In 1888, Cornelia Bowen was recommended by Booker T. Washington to establish a school for boys and girls in the Mount Meigs area. Cornelia Bowen graduated from the Tuskegee Institute in 1885, a member of the first graduating class, and led the Mount Meigs Colored Institute until her death in 1934. In 1908, the State Federation of Colored Women's Clubs, of which Bowen was president, established a second school on the grounds of the institute. After much lobbying of Congress, in 1911, the women were successful in convincing the state to take over the operation of the reformatory.

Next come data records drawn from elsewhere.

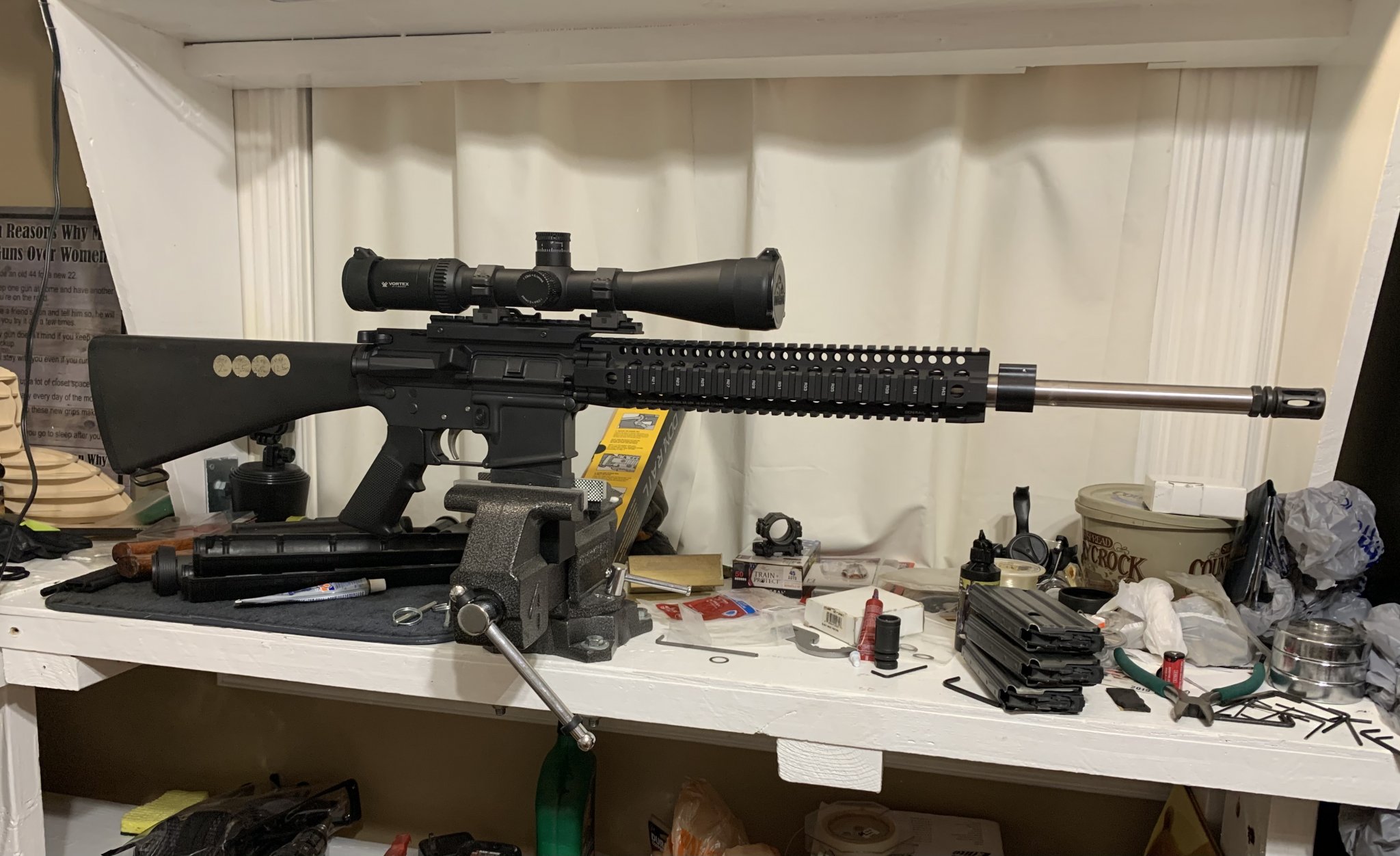 I’m not sure if I’ll pull the Luth AR upper apart or jus build another. My Spike‘s shoots great and I have no problems until it starts getting real dirty. I’m building the second rifle because my wife likes to shoot against me. She’s a very good shot and I’ve cooked her more than one dinner and cleaned the bathroom on more than one occasion after she won the world domination shoot off.
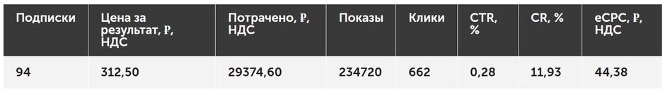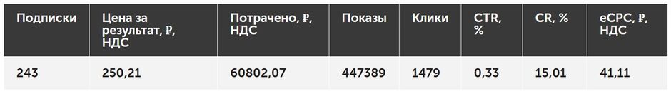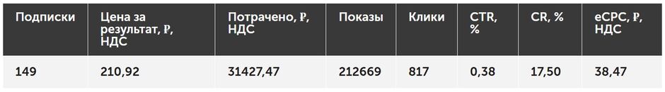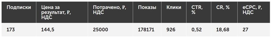 Наша ключевая победа – падение цены за подписку на 31,5% (с 210,92 руб. до 144,51 руб.). Это значит, что теперь каждый новый подписчик обходится почти на треть дешевле, чем раньше.
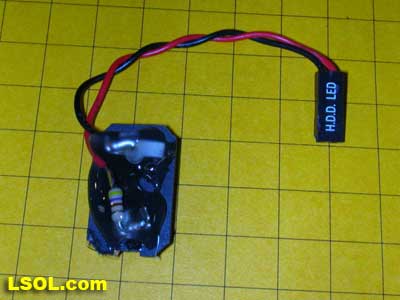 A 9 volt transistor radio battery, 9 volt battery power clip (Radio Shack #270-324), a 470 ohm resistor and a two conductor plug is all that is needed. The two conductor plug makes it a snap to insert an LED into the circuit for testing. These plugs can be salvaged from the innards of an old desktop computer. There are usually a number of these plugs inside of the computer's case. They are used to connect the front panel switches (power, reset, etc), speaker and LEDs (hard drive, power, etc) to the computer's motherboard. The one shown below was used to connect the computer's hard disk LED to the motherboard.
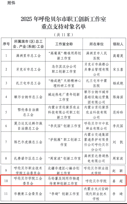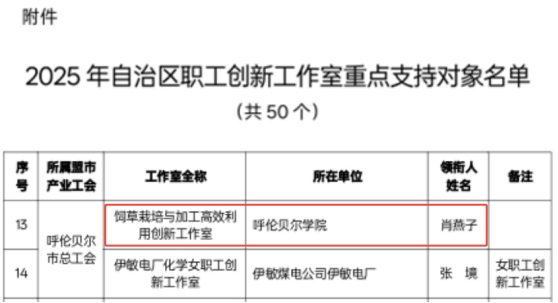 近日,永利yl23411集团官网肖燕子领衔的饲草栽培与加工高效利用创新工作室荣获2025年度内蒙古自治区总工会重点支持职工创新工作室、方明伟创新工作室入围内蒙古自治区教科文卫体系统2025年重点支持职工创新工作室名单、姜超创新工作室获批2025年呼伦贝尔市总工会重点支持的创新工作室。此次3项荣誉的斩获,既是对永利yl23411集团官网工会职工创新工作的高度认可,更标志着永利yl23411集团官网在服务地方发展、深化教学科研改革、凝聚职工创新活力方面迈出了坚实步伐。截至目前,永利yl23411集团官网已拥有自治区级创新工作室2个、自治区教科文体工会系统创新工作室2个、市级创新工作室5个,形成了多层次、全覆盖的职工创新培育体系。
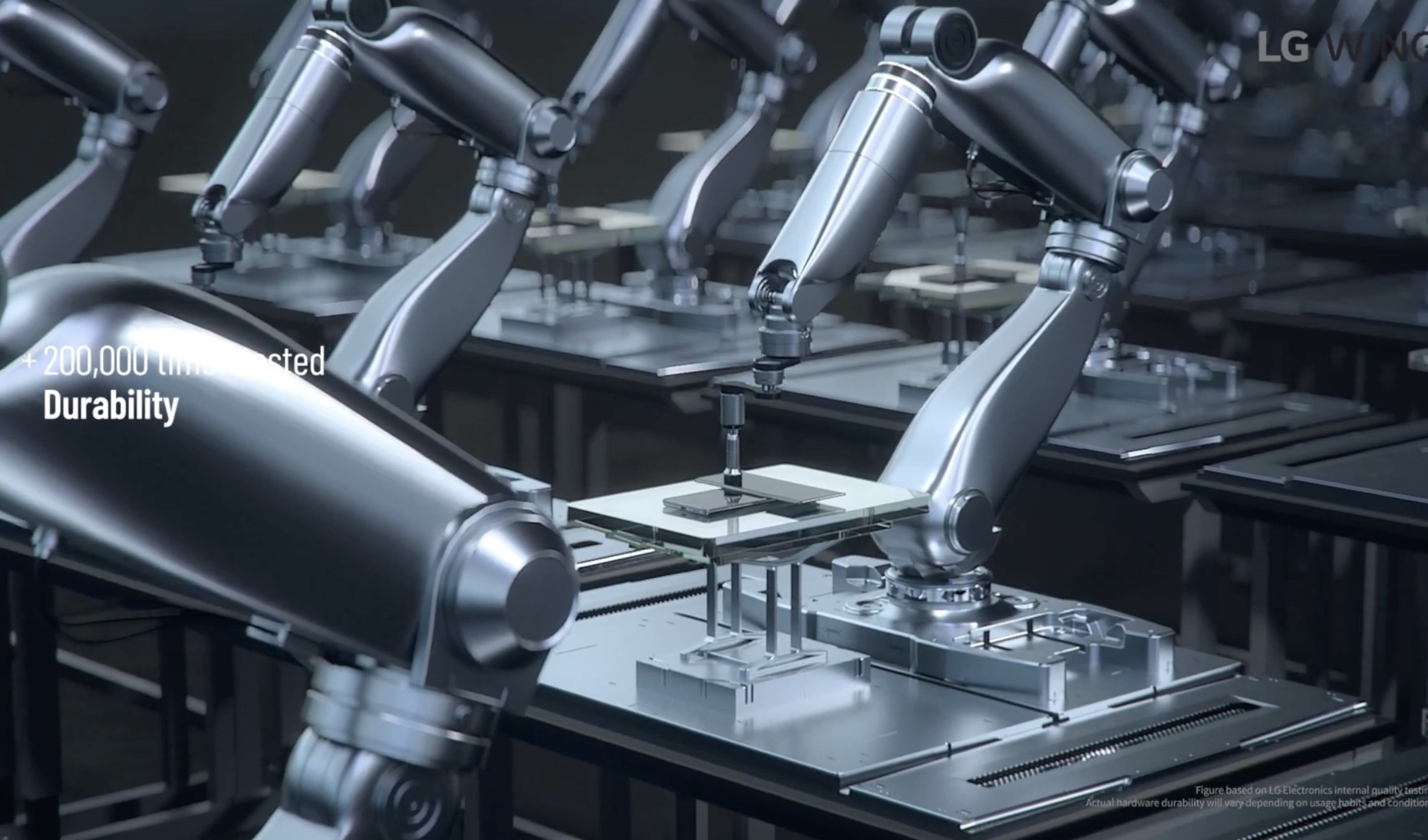 Un altro esempio di qualità produttiva riguarda il modulo cerniera con ammortizzatore idraulico, che riduce lo stress sul meccanismo quando lo schermo principale viene aperto. Sul retro dello schermo principale, inoltre, è stato applicato uno strato di poliossimetilene termoplastico per facilitare la rotazione e prevenire eventuali graffi sul secondo schermo. Il meccanismo a cerniera di LG WING è stato testato oltre 200.000 volte per confermarne l’affidabilità.
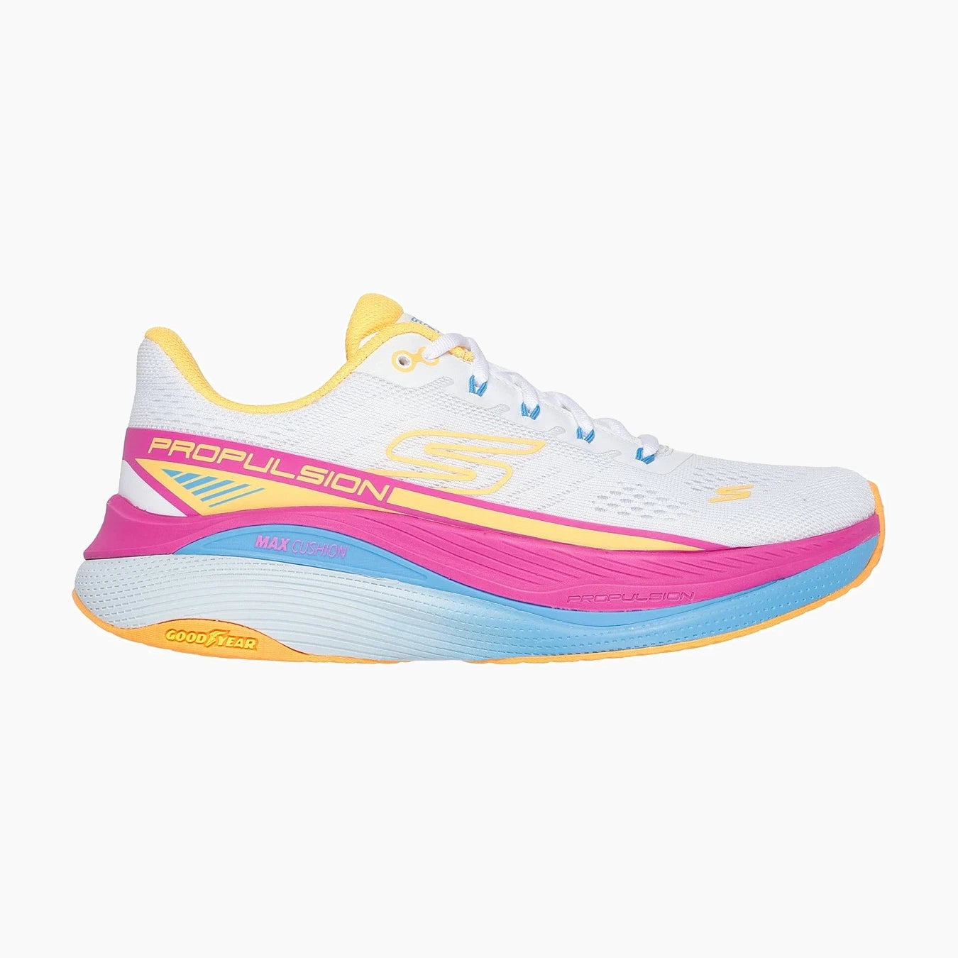 Mejora tu rendimiento con la máxima comodidad con Skechers Max Cushioning® Propulsion. Este modelo vegano para correr, confeccionado con materiales reciclados, presenta una parte superior de malla diseñada con una plantilla Skechers Air-Cooled Goga Mat™, una entresuela Max Cushioning® excepcionalmente cómoda y una suela exterior de caucho Goodyear® antideslizante. Our Planet Matters®: bueno para tus pies. Bueno para el mundo.®

In 1911, the school became the Alabama Reform School for Juvenile Negro Law-Breakers. The name was changed to the Alabama Industrial School for Negro Children in 1947, and to the Alabama Industrial School in 1970. The facility has been variously described as a "slave camp", "plantation", "prison for teens", and "penal colony for children".

On March 27, 1915, the Hampton Institute Camera Club, known for its illustrations of Paul Laurence Dunbar's poetry, staged a photo sale for the benefit of the Mt. Meigs school. The sale raised funds for four five-dollar scholarships for day students. A Hampton graduate managed the Mt. Meigs school, which was considered "an outgrowth" of Hampton.

Famous residents included baseball legend Leroy Satchel Paige, from 1918 to 1923.

Earlier in its life, its capacity was 312 boys.

There was controversy, in April 2008, when parent Glenn Herrmann said authorities surrounded his Randolph County home and accused him of helping his son break free at the Mount Meigs Campus.

In 2012, the infamous Chalkville Campus facility for girls aged 12 to 18 was destroyed by a tornado and in 2015 the new J. Walter Wood Treatment facility for them was inaugurated at the Mount Meigs campus.